I remembered somebody trying to take my shirt off, being unable to undo the knots that tied it in the back and then saying “never mind we’ll cut it off”. And I remember being relieved, but then later on wondering why they were taking my clothes off.

But…. At that moment when I stood at the nurses desk, swaying back and forth because I didn’t have the balance to stand still, I honestly didn’t remember much, and I wanted desperately to know why I was in the ICU and then later in the ward. I had no idea.

At that point, the clock in my room was still turning backwards, had all sevens and occasionally floated right off the wall.

Here everything was written down in a humongous blue binder, and they wouldn’t let me read it. I don’t even think they would have let me touch it, if I had reached over and tried to do so.

It seemed terribly unfair, but I took the cough candy (the only relieve for my desperately sore throat), and left.
I returned to ask for that file every day. Each time the answer was “no”.

When I was out of the hospital, I asked my doctor how to get the hospital file. He told me how, I downloaded the form, and sent my mother back to the hospital with $20.00 to get the file for me. I have it now, in a huge binder of my own, but I have never read it.

I’ve tried several times, but each time I look at it I burst into tears. I’ve held it, looked at it, cried over it, opened it, and flipped through the pages, but that is as far as I got.

My allergist wants to read it, and I’ve committed to photocopying it, and giving it to him, but I can’t do that either. It just brings up so much fear, hurt and pain when ever I try to do anything with it.

Because I went into the ICU because of a severe allergic reaction, he wants to know exactly what happened. It’s been 2 months since I said I would get it to him, but I just can’t bring myself to photo copy it. Who knew that a binder full of pages could bring so many tears out of one person? I didn’t.

The story of what really happened is in those pages. And I know the story of what happened to me. It didn’t happen. It was all delirium, but it happened to me. To me it was as real as the computer I’m typing this post on, and the desk that it sits on.


So I guess in a way, writing this blog is exposure therapy, because I will eventually tell the story that I can’t bring myself to look at in any way.

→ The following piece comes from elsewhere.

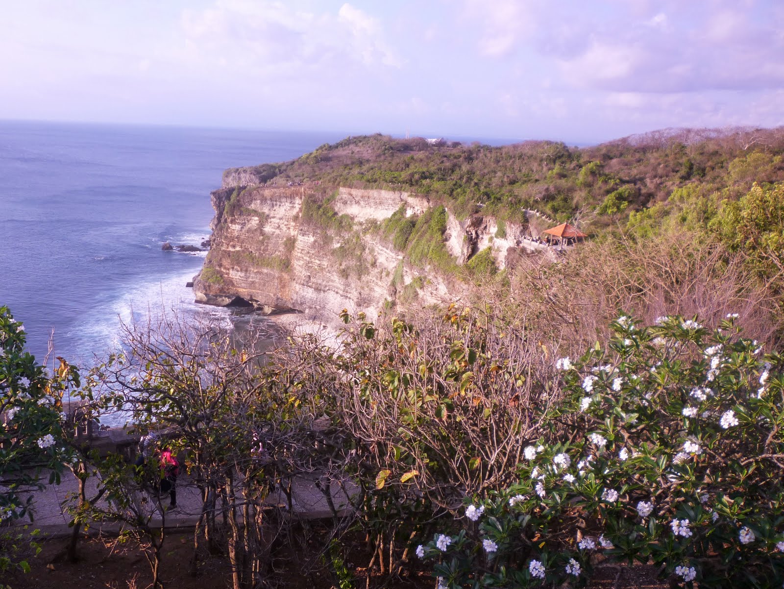 After little R had her second nap, we hired a taxi and drove out to the temple Ulu Watu, which is on a cliffside in the far southwestern corner of Bali. It was an truly stunning setting. The temple is one of Bali's most important, and was full of both tourists and thug monkeys, who steal hats, glasses, cameras, and anything else they can get, and then hold these items for "ransom", until they receive some food. As a result, most of the older monkeys are obese and look like fat couch potatoes. I made B hold little R as I was worried about the monkeys kidnapping her!

Why am I doing this? To help others. To help myself.
Why am I not just writing it in book form or in my diary? I’ve tried. It hasn’t been successful.

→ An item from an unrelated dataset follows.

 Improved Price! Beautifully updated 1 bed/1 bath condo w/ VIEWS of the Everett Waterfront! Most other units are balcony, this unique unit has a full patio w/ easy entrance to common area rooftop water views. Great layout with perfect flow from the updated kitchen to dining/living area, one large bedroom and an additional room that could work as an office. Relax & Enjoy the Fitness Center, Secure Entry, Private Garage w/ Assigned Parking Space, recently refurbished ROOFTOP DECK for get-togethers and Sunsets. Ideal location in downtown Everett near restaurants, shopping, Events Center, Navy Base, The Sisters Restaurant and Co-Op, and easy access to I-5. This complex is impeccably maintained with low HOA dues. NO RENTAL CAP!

Will a blog be any more successful? Well it will prompt me to write more often, and hopefully the encouragement I get from other people (in tweets and comments) will off set the negative emotions I’m feeling even right now.

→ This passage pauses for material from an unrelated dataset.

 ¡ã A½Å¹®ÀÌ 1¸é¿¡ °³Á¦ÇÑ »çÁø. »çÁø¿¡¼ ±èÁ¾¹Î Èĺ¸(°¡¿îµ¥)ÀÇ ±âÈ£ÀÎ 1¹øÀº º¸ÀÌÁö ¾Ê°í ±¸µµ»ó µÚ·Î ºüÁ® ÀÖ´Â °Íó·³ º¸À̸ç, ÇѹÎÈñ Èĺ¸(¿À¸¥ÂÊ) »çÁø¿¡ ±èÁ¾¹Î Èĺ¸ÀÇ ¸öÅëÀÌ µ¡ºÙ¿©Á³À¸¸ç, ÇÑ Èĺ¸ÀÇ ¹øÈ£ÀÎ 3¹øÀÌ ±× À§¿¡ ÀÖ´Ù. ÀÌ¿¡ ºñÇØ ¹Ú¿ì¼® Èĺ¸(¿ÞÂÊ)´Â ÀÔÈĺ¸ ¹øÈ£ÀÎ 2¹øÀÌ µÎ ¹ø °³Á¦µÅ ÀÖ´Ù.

I sit here will a swollen, and itchy eye, due to contact dermatitis, and conjunctivitis. The eye drops and eye lid cream isn’t working. It’s getting worse. I know I have to photocopy that file and give it to my allergist, if I’m to get better because allergist is afraid to continue the allergy shots until he reads the file. Maybe after writing this blog for a while, I’ll be able to photocopy the file without crying all over the papers, and the photocopy machine.

I hope so.

So why am I doing this? For me. For you. For the ICU patients that come after me.